(Stored records)
================================
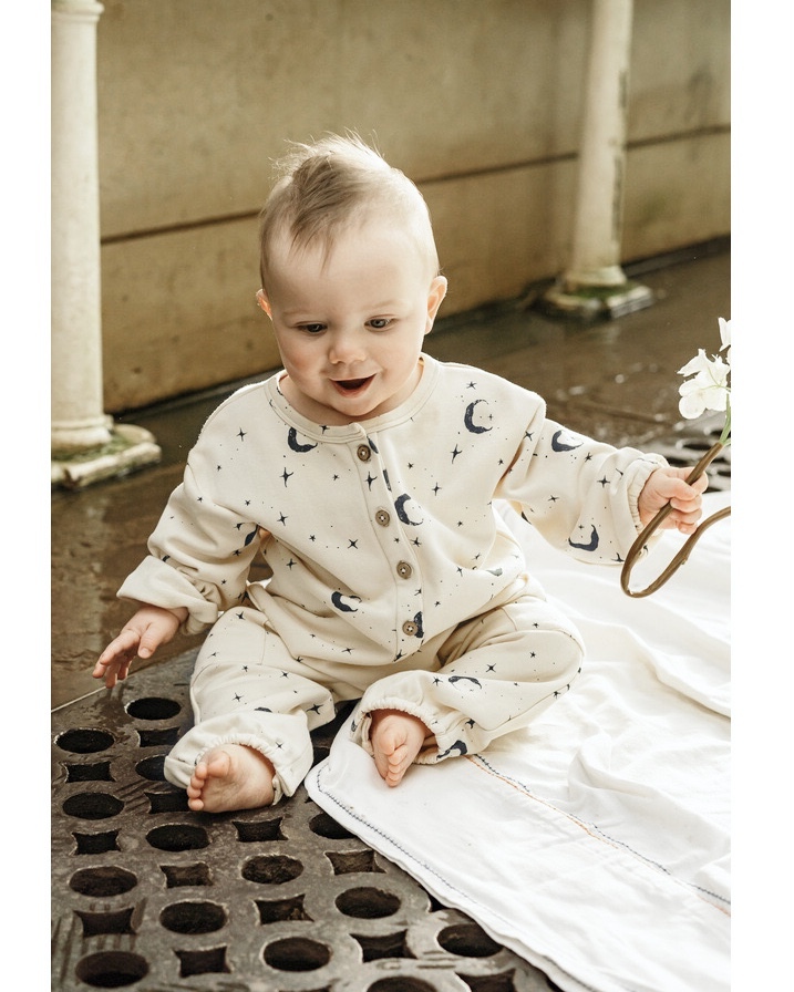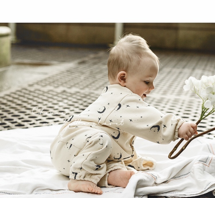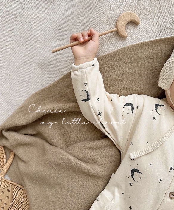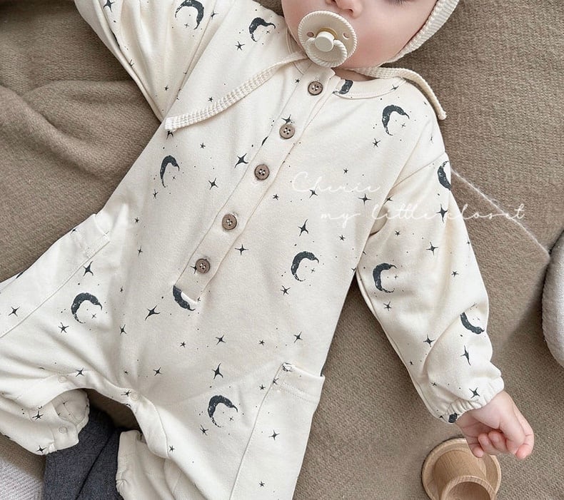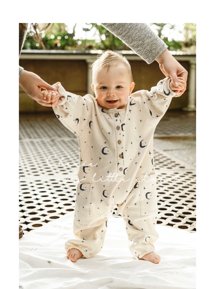 ムーンデザインが可愛いベビーロンパース。
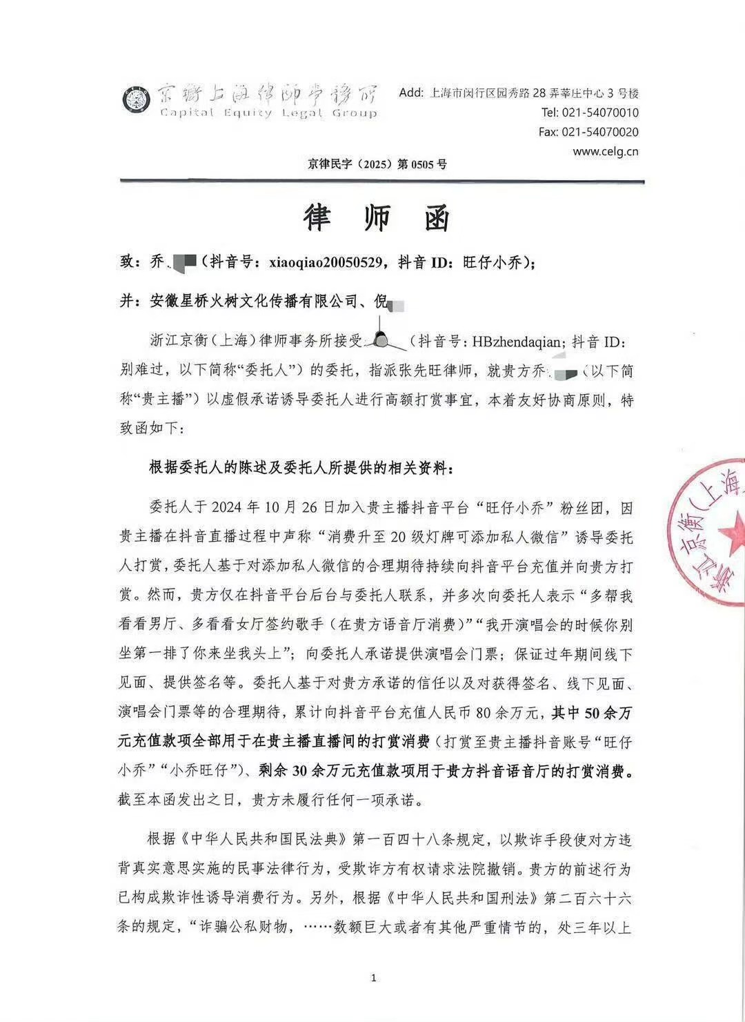 据“别难过”公开发布的律师函显示,他于2024年10月26日加入“旺仔小乔”粉丝团,因主播在直播过程中声称“消费升至20级灯牌可添加私人微信”诱导打赏,他基于对添加私人微信的合理期待持续向平台充值并打赏,累计向平台充值人民币80余万元,其中50余万元充值款项全部用于“旺仔小乔” “小乔旺仔”直播间打赏,剩余30余万用于语音厅的打赏消费。
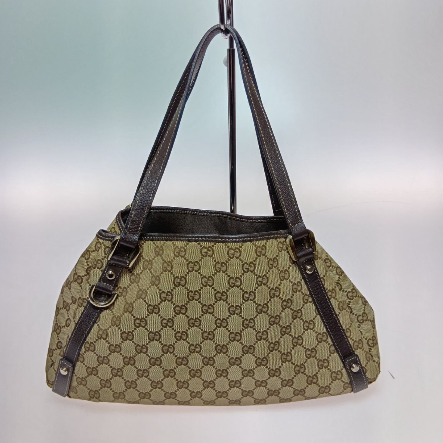 【商品名】中古 GUCCI グッチ GGキャンパス トートバッグ 130736 ベージュ x ブラウン Cランク
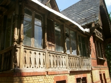 stammen. Eine Backstein-Holz-Architektur mit reichen Laubsägedekorationen,
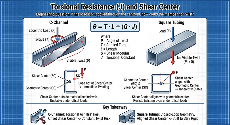 Torsional instability is the Achilles' heel of the C-channel. Its offset shear center makes twisting a constant risk, whereas square tubing’s closed-loop geometry is built to stay rigid.
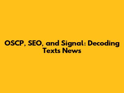 OSCP, SEO, And Signal: Decoding Texts News
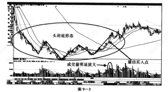 如图9-3所示的K线底部形态之头肩底形态:
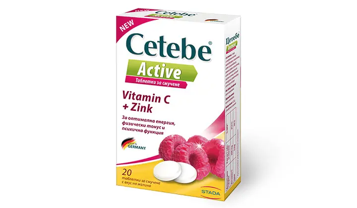 Витамин С и цинкът в Cetebe Active подпомагат и поддържат оптимални нива на енергия, физически тонус и психична функция.
================================
Restate all entries above exactly, but not the images.

 ムーンデザインが可愛いベビーロンパース。
 据“别难过”公开发布的律师函显示,他于2024年10月26日加入“旺仔小乔”粉丝团,因主播在直播过程中声称“消费升至20级灯牌可添加私人微信”诱导打赏,他基于对添加私人微信的合理期待持续向平台充值并打赏,累计向平台充值人民币80余万元,其中50余万元充值款项全部用于“旺仔小乔” “小乔旺仔”直播间打赏,剩余30余万用于语音厅的打赏消费。
 【商品名】中古 GUCCI グッチ GGキャンパス トートバッグ 130736 ベージュ x ブラウン Cランク
 stammen. Eine Backstein-Holz-Architektur mit reichen Laubsägedekorationen,
 Torsional instability is the Achilles' heel of the C-channel. Its offset shear center makes twisting a constant risk, whereas square tubing’s closed-loop geometry is built to stay rigid.
 OSCP, SEO, And Signal: Decoding Texts News
 如图9-3所示的K线底部形态之头肩底形态:
 Витамин С и цинкът в Cetebe Active подпомагат и поддържат оптимални нива на енергия, физически тонус и психична функция.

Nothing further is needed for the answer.